I’m not sure how much we can go into the terms themselves, but I can say that I think it was attractive both from the lenders’ and  borrowers’ perspective. It’s competitive terms because it is our third facility in a proven strategy for the past five years. And so, the lenders that led the facility are comfortable with the diversification of assets, tenants and geography. It’s definitely competitive terms, but it didn’t start that way. We have worked our way up through building relationships and proving our ability to operate in an institutional way that made the banks feel comfortable.

WMRE: What types of deals is your firm planning to seek with this money?

Adir Levitas: We try to compose a portfolio for each fund that has the right exposure to gateway markets, primary markets that have a lot of growth, and markets that have a lot of value, meaning upfront cash flow.

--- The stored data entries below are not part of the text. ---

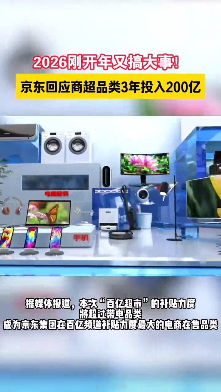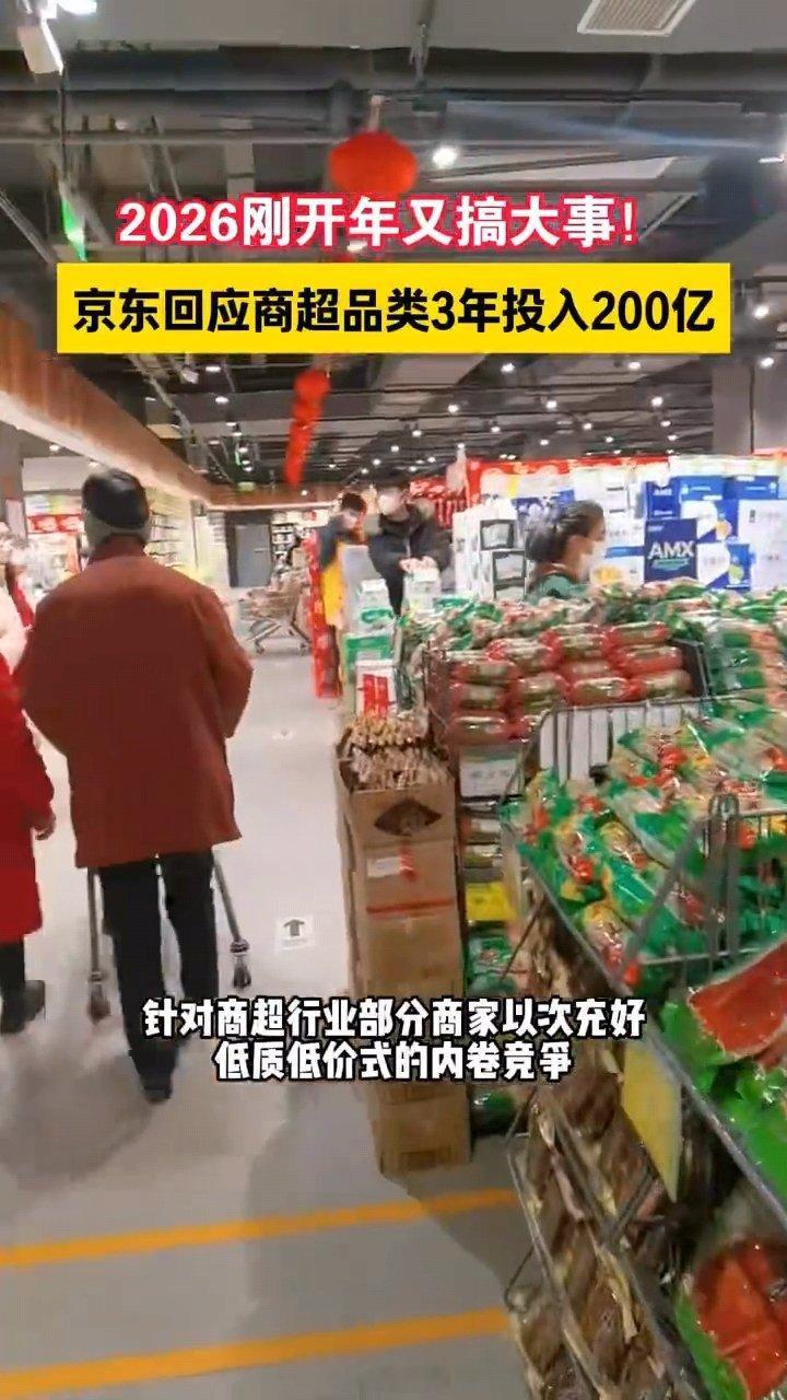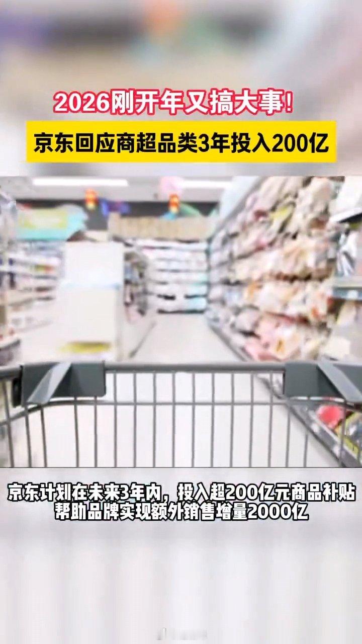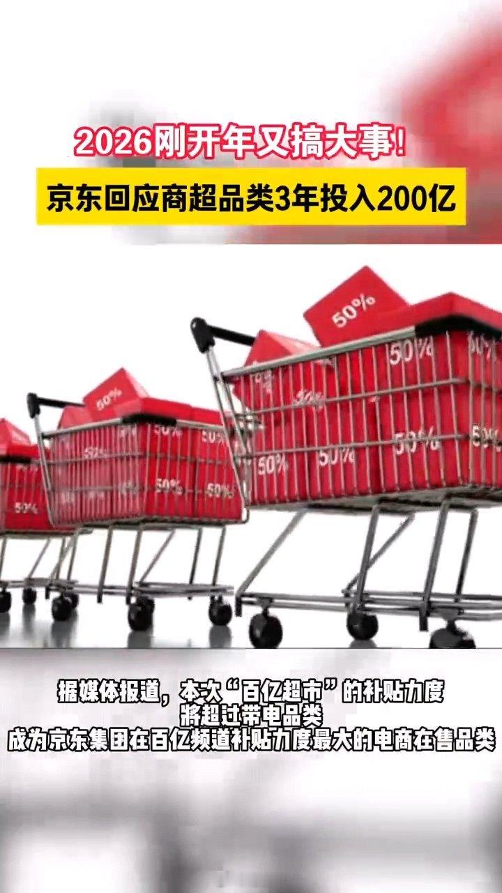 京东回应商超品类3年投入200亿 持续深耕日常消费供给,以稳定供应链、保障商品充足、坚守品质价格为核心,主动扛起行业责任,守护民生刚需,彰显企业社会担当。京东官宣商超品类将投入200亿元
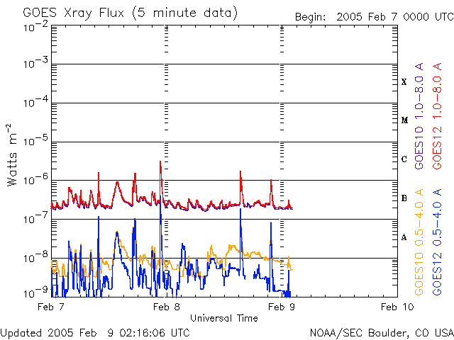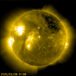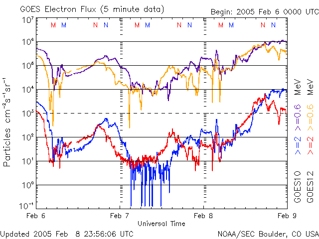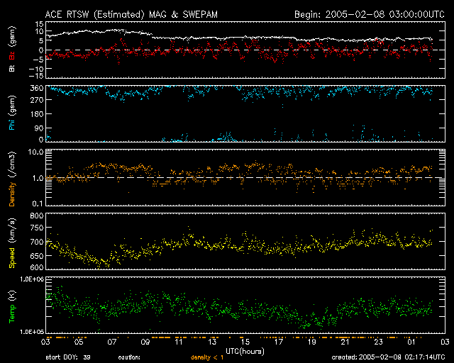 2005/ 2/ 9 11:18 更新 高速の太陽風が続いています(700km/秒)。オーロラ活動も活発です。放射線帯の高エネルギー電子が増加しつつあります。 担当 篠原 コロナホールによる高速の太陽風が続いています。 ACE衛星の観測によると、太陽風の速度は昨日からほとんど変化がなく、 700km/秒前後ととても高速な状態です。 磁場強度は5nTと普通のレベルです。 しかし、南北成分を見ると(ACEデータの赤線)、 南北に(マイナス、プラスに)激しく変化している様子が見えます。 この影響でオーロラがとても活発に活動しています。 AE指数のグラフを見ると、1000nT規模の大きな現象が幾度も発生しています。 磁場の南北変動が現在も続いていることと、速度がとても速い事から、 今後もオーロラ活動は活発に続きそうです。 今は天気が悪い様ですが、アラスカのオーロラライブでオーロラが楽しめるかもしれません。 高速太陽風は、もう2〜3日程度続くと予想されます。 高速風の影響で、放射線帯の高エネルギー電子が増加しています。 そろそろ警戒ライン(10の4乗の線)を越えようかというレベルです。 明日以降、更に増加している可能性がありますので、衛星の運用では注意が必要になりそうです。 太陽では、小規模なフレア活動が見られています。 732、733黒点群が起こしていますが、今の所これ以上の活動を起こす事は無さそうです。 SOHO衛星のEIT284カメラの映像 (c) SOHO (ESA & NASA)
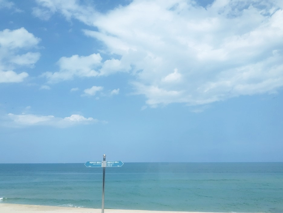 맑은 날, 색이 다른 두장의 종이를 잘 자른 뒤 포갠 것 같은 풍경이 창밖으로 하염없이 펼쳐진다. 뒷 좌석에 앉은 엄마가 연신 묻는다. "좋지? 좋지? 좋아?"
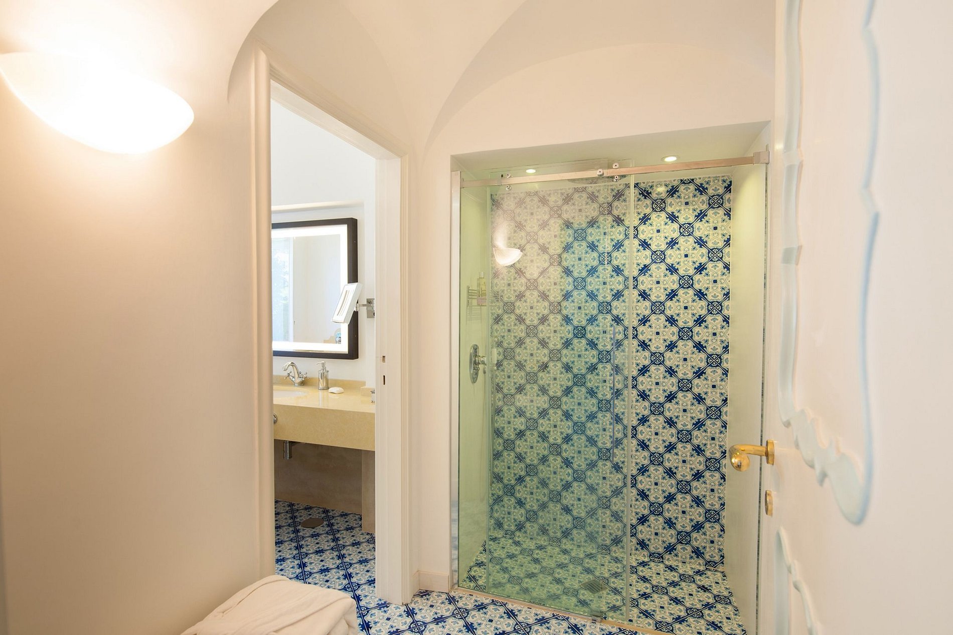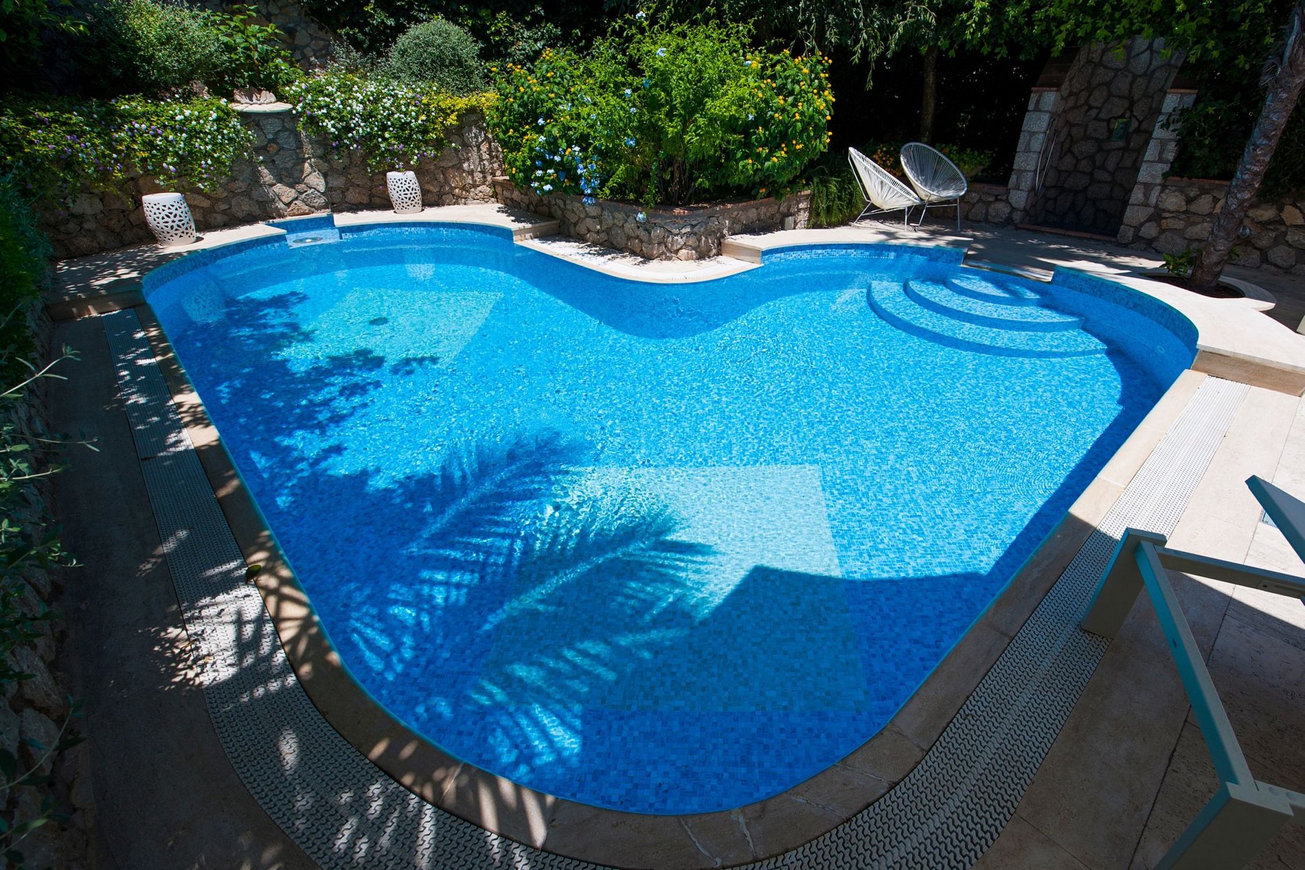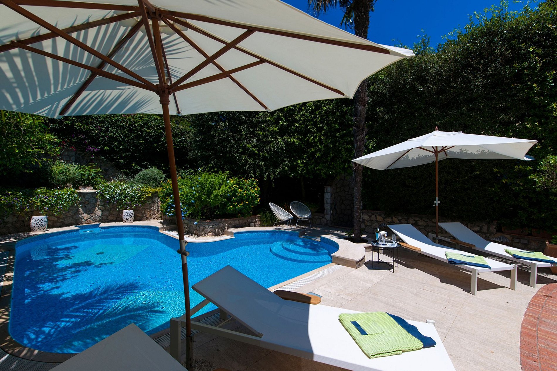 Le toit-terrasse, situé à 20 marches du deuxième étage, bénéficie de divers coins salon avec chaises longues et canapés, une table à manger ovale pour 4, des tables basses et de superbes vues sur la ville de Capri et les fameux rochers Faraglioni. La terrasse bénéficie également de deux douches extérieures, de jolies pièces de décoration et de nombreuses variétés de fleurs. La terrasse de la piscine, située à l'avant de la maison, est équipée de chaises longues et d'un vestiaire.
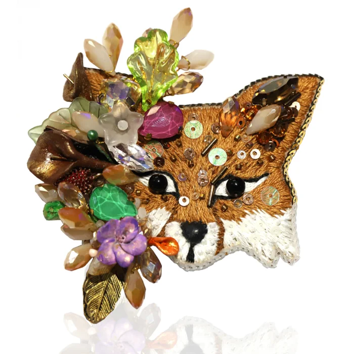 Miyuki bead, check beads, swaroski stones, dmc embroidery, italy sequins designed leather back brooch.
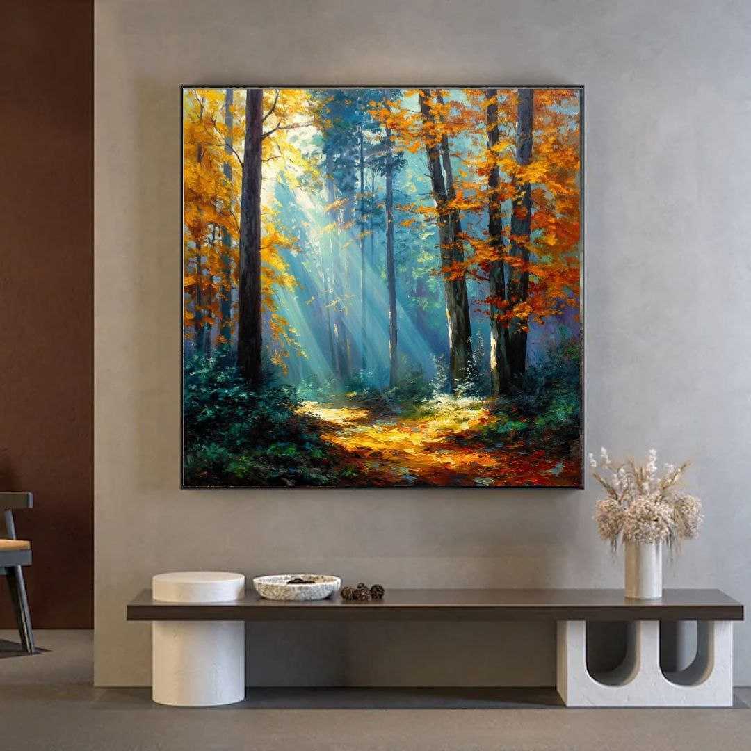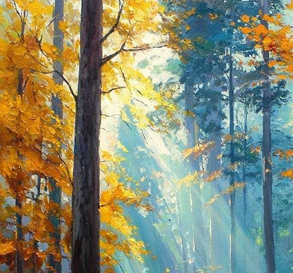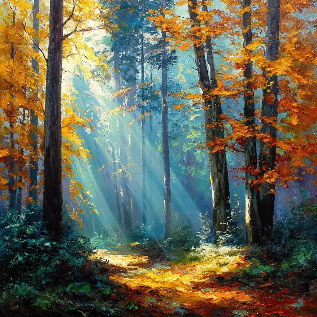 Эта картина передаёт магию осеннего леса, где мягкие солнечные лучи пробиваются сквозь густую листву, окрашенную в яркие желто-оранжевые оттенки. Контраст между тёмными стволами деревьев и светлым солнечным пятном создаёт атмосферу покоя и умиротворения.

Chicago, for example, has a lot of upfront cash flow, as does Philadelphia and Baltimore versus markets that have a lot of potential, but not much cash flow, like Miami and Northern New Jersey. So, the composition is to achieve the target IRL return with the lowest amount of risk possible.

We’ve grown into this market (Northern New Jersey) in the past few years, and so we’re going to grow within all of those regions. We’re now looking at Nashville, the Carolinas and Austin. Those are the type of markets we’re looking to expand into.